Идёт себе, от устья вверх по Керженцу, например, санный обоз в десяток саней. Вдруг с берега крик, визг и стрелы по сугробам. Из пары первых дровней вываливается на снег по паре нурманов, скидывают шубы, поражая окружающих сверканием доспехов, и элегантно-профессионально сдвигают в «стену» щиты, обтянутые красной кожей с рисунком «стоящего на четырёх ногах белого лиса, что означает живость и остроту ума, причем о нем говорится: слово и дело суть одно и то же».

Сигурд выбрал себе такую эмблему. Ну, не львов же! Тот зверь – в гербе его противников в Норвегии.

Что нормальной геральдики ещё в природе нет, что местные в ней понимают не больше, чем в авокадах – неважно. И так всем ясно: к вам, ребята, пришёл пушистый полярный лис.
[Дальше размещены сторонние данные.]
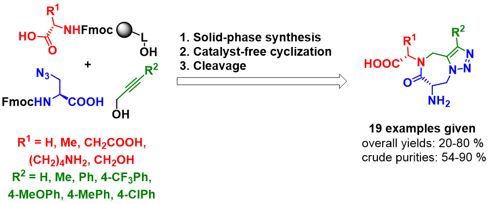 Recenty, we replaced serine and threonine with Fmoc-azidoalanine as the key building block to synthesize triazolo[1,5-a][1,4]diazepin-6-ones on solid support (Adv. Synth. Catal., 2020, in press). Amino acids immobilized on Wang resin were nosylated and alkylated with propargyl alcohol, but-2-yn-1-ol or different 3-phenylprop-2-yn-1-ols using Mitsunobu alkylation conditions. After denosylation, acylation with Fmoc-azidoalanine yielded linear precursors that were thermally cyclized on resin to give immobilized triazolodiazepinones. After cleavage from the polymer support, the target compounds were obtained in high crude purities and good overall yields. Furthermore, the synthetic approach was applied to convenient solid-phase synthesis of oligopeptide containing the triazolodiazepinone moiety as the peptidomimetic heterocyclic constraint.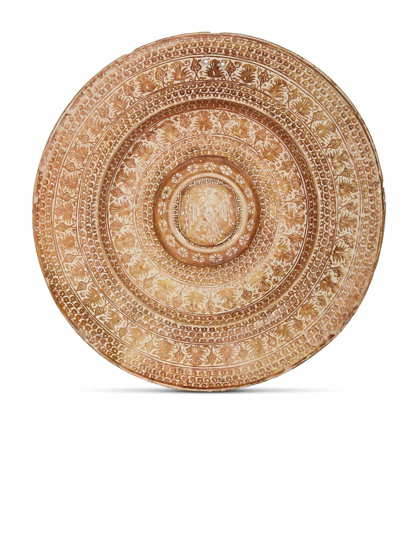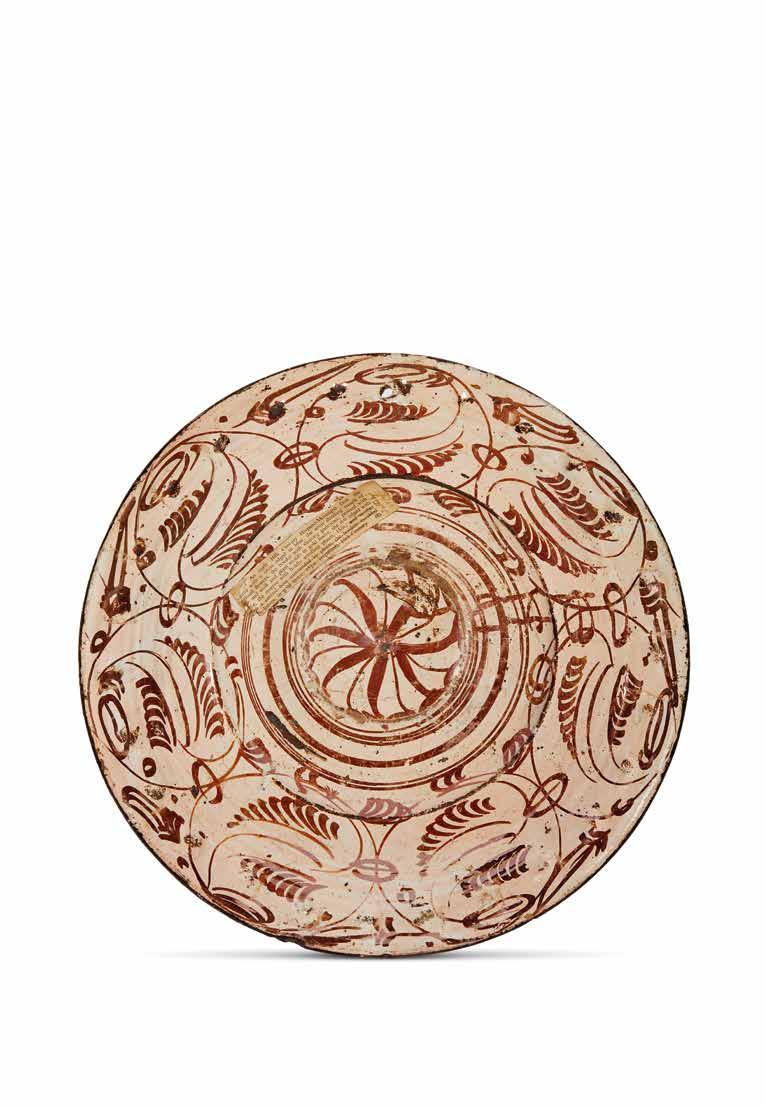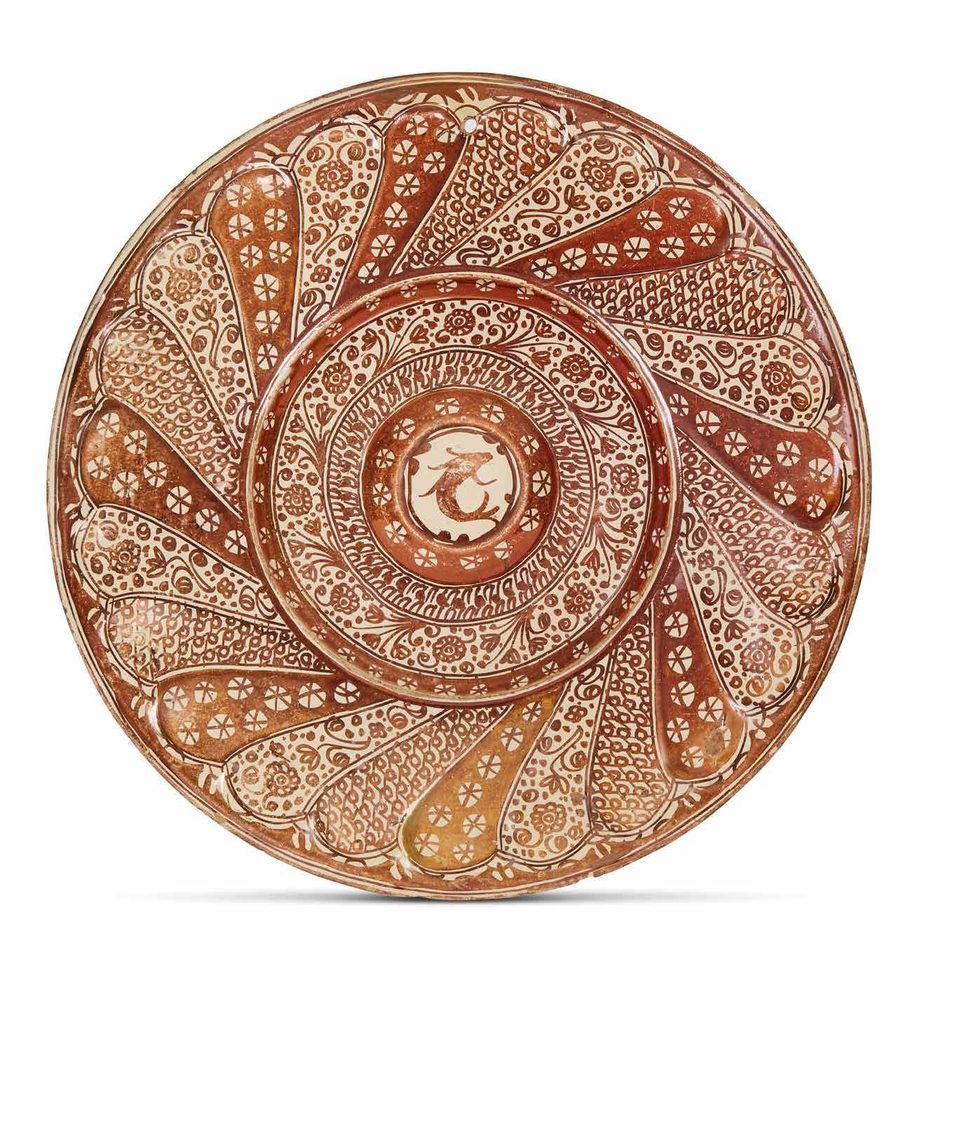 in maiolica decorata a lustro metallico e blu; diam. cm 36,2, alt. cm 6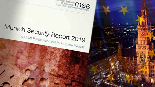 Как отметил во вступительном слове к докладу «Большой пазл: кто подберёт части?» Ишингер, мир становится свидетелем «перетасовки основных элементов международного порядка». По его мнению, «начинается новая эра соперничества великих держав между Соединенными Штатами, Китаем и Россией, сопровождающаяся определенным вакуумом лидерства в том, что принято называть либеральным международным порядком».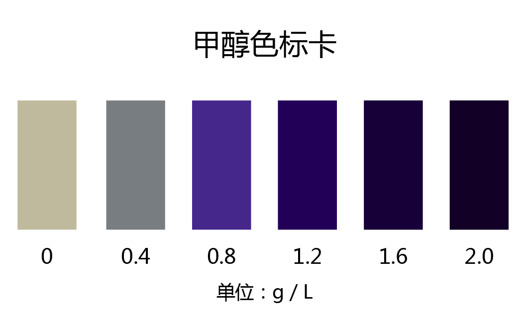 2.1:20分鐘后觀察孔中顏色的深淺,顏色越深,表示酒樣中甲醇的含量越高;(對照色卡上的標示值可知酒樣中甲醇的大致含量)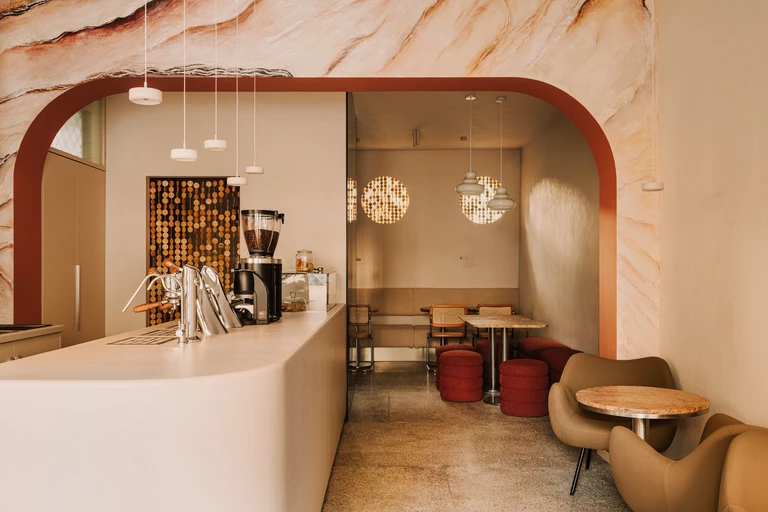 W wyniku współpracy z Ekri i CUDO: powstał specjalny, beżowy tynk, który doskonale oddaje kolor i strukturę muszli. Bar o obłej, delikatnej formie został pokryty mikrocementem. W projekcie zastosowano również interesujący detal – drewniane koraliki, które pełnią funkcję przesłon. Umieszczone w oknach, umożliwiają kontrolowanie wpadającego światła, a we wnętrzu zasłaniają zaplecze.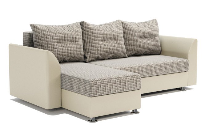 The corner sofa Aria with comfortable volumetric pillows will provide a comfortable rest. The spacious drawer is convenient for storing bedding. The strong solid wood frame guarantees durability. This model is only available in the upholstery options that are presented in our range.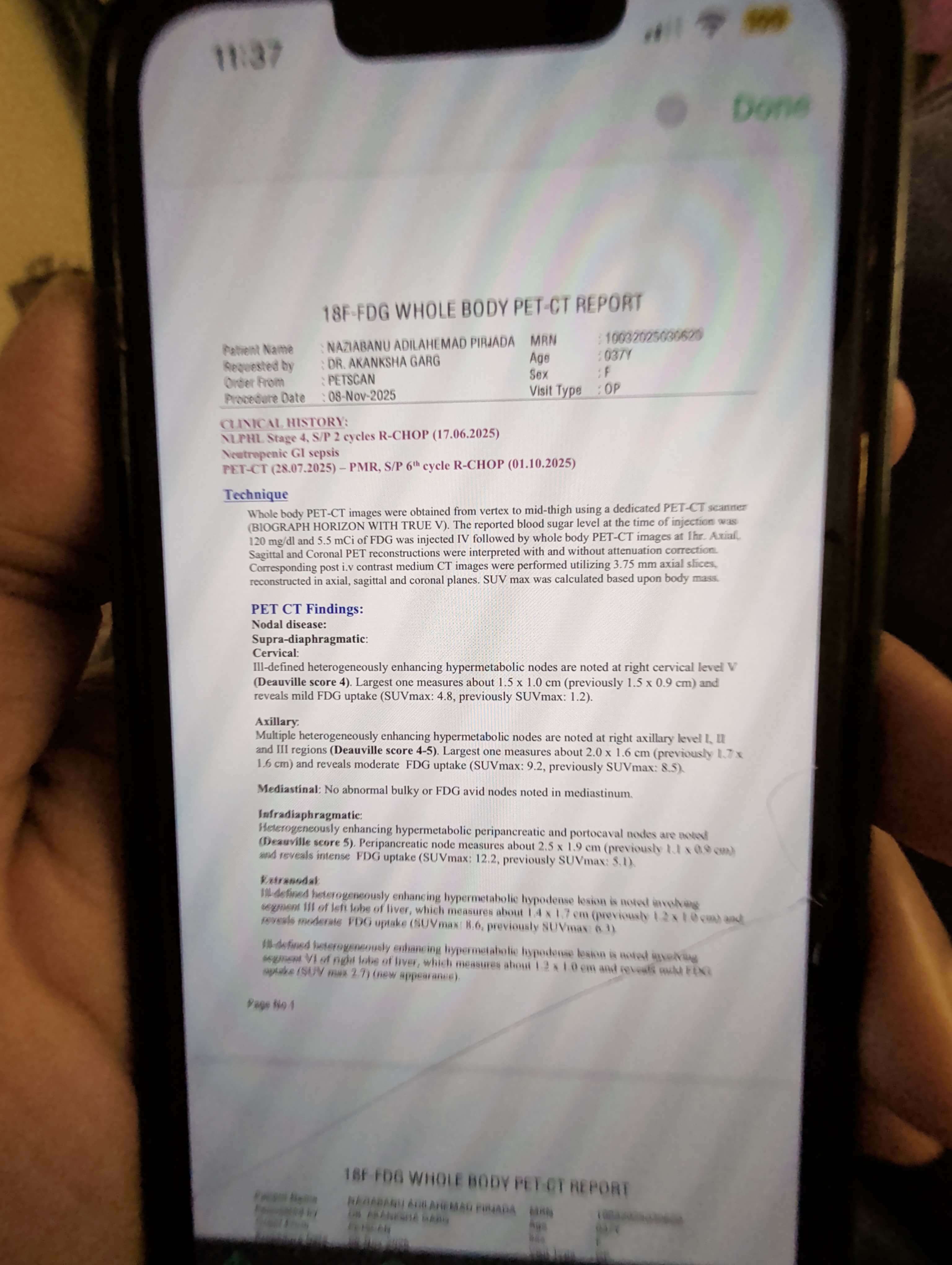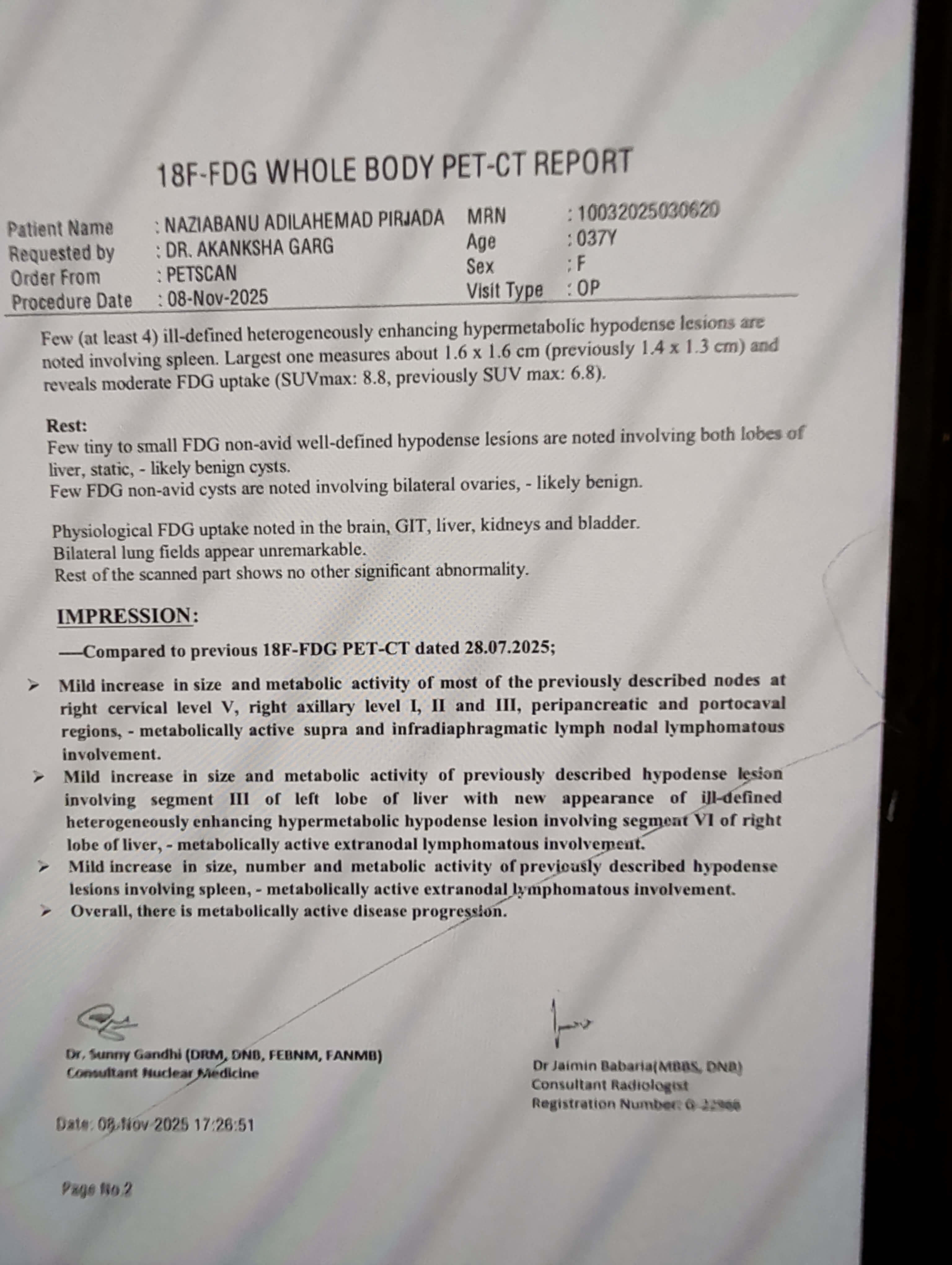 Hi, I am Ahmed, Naziabanu’s brother. Our lives changed forever in May when my sister was diagnosed with blood cancer – relapsed DLBCL (T-cell rich B-cell large lymphoma). Until then, we were living a simple, happy life. It started with knots and lumps under her arm and near her neck, followed by extreme weakness, dizziness, mouth ulcers, stomach pain, diarrhoea, and repeated infections due to very low immunity. She began treatment with R-CHOP chemotherapy, but it did not work. The cancer relapsed aggressively and is still active, with lymph nodes now involved near her liver and spleen. She is currently undergoing Polatuzumab-based salvage chemotherapy with Rituximab and Bendamustine, but her body is under severe strain. She weighs only around 38 kg, is constantly weak, in pain, and physically exhausted from both the disease and the harsh treatment.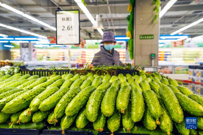 消费者在河北唐山遵化市一家超市选购蔬菜(4月11日摄)。新华社发(刘满仓摄)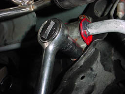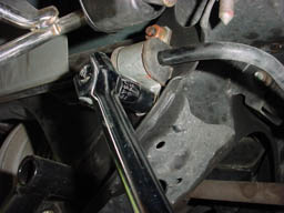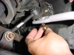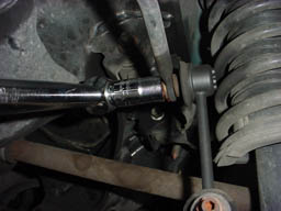 Step 9: To tighten the end links, the car must now be on the ground if it has been lifted or jacked in some way.Tighten up both end link bolts on both sides. No torque specs here again, so ask somebody. |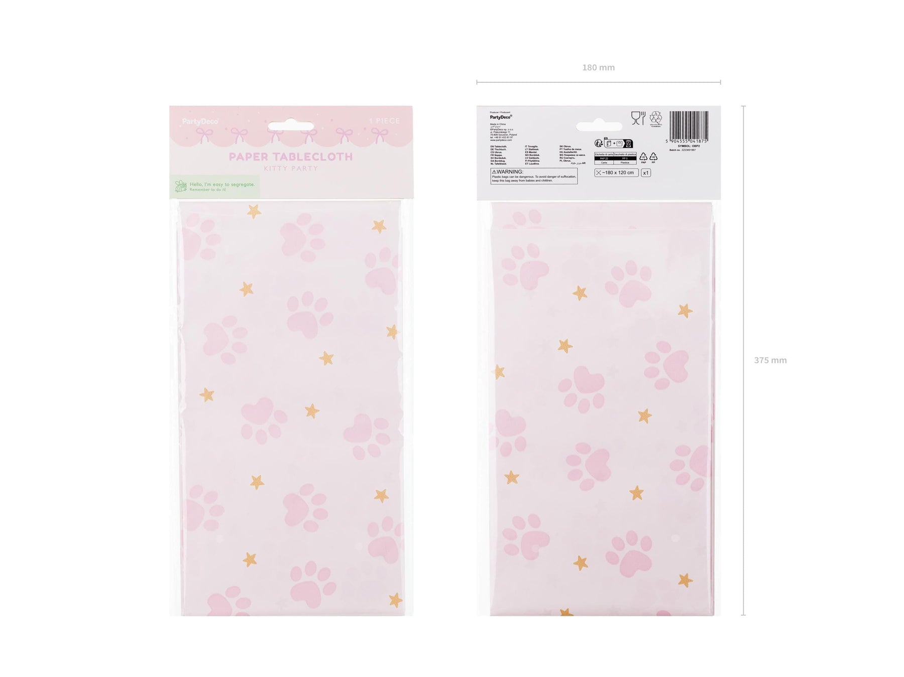 Cat Paw Print Paper Tablecloth - Pink and White Cat Paper Party Table Cover - Meow Party - Paw Print Birthday Party Tableware - Jolie Fete UK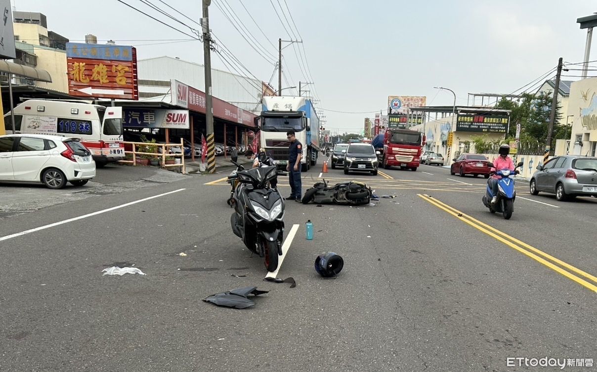 ▲大寮2部機車發生碰撞。(圖/記者吳世龍翻攝)

Который омоет лапы в вашей крови.

Здоровенные, пускающие солнечных зайчиков шлемами и наплечниками, "песцы" с обоюдоострым и длинномерным в руках, покрасовались, потоптались, обустраиваясь в сугробе, и интересуются:

– Татысь нюлэс куараос сы?е юр?ым нош кин та вераське? (А кто это в здешних лесах таким противным голосом разговаривает?)

Всю дорогу учили. Выучили.

Лесной народ от таких знаний в таком исполнении – дуреет. А тут уже и наш переводчик прибежал, скромненько из-за щитов выглядывает, уместные вопросы задаёт:

– Пудолэсь тазалыксэ? Нош кышноез? (Здоров ли твой скот? А жена?)

Дальше уже можно разговаривать, вести торг, обмениваться новостями и заниматься "приголубливанием". В направлении "Каловой комбинаторики".

"Каловая" – не по цвету или консистенции, а по месту первой публикации – Каловой заводи на Оке. "Выберите любые два из трёх".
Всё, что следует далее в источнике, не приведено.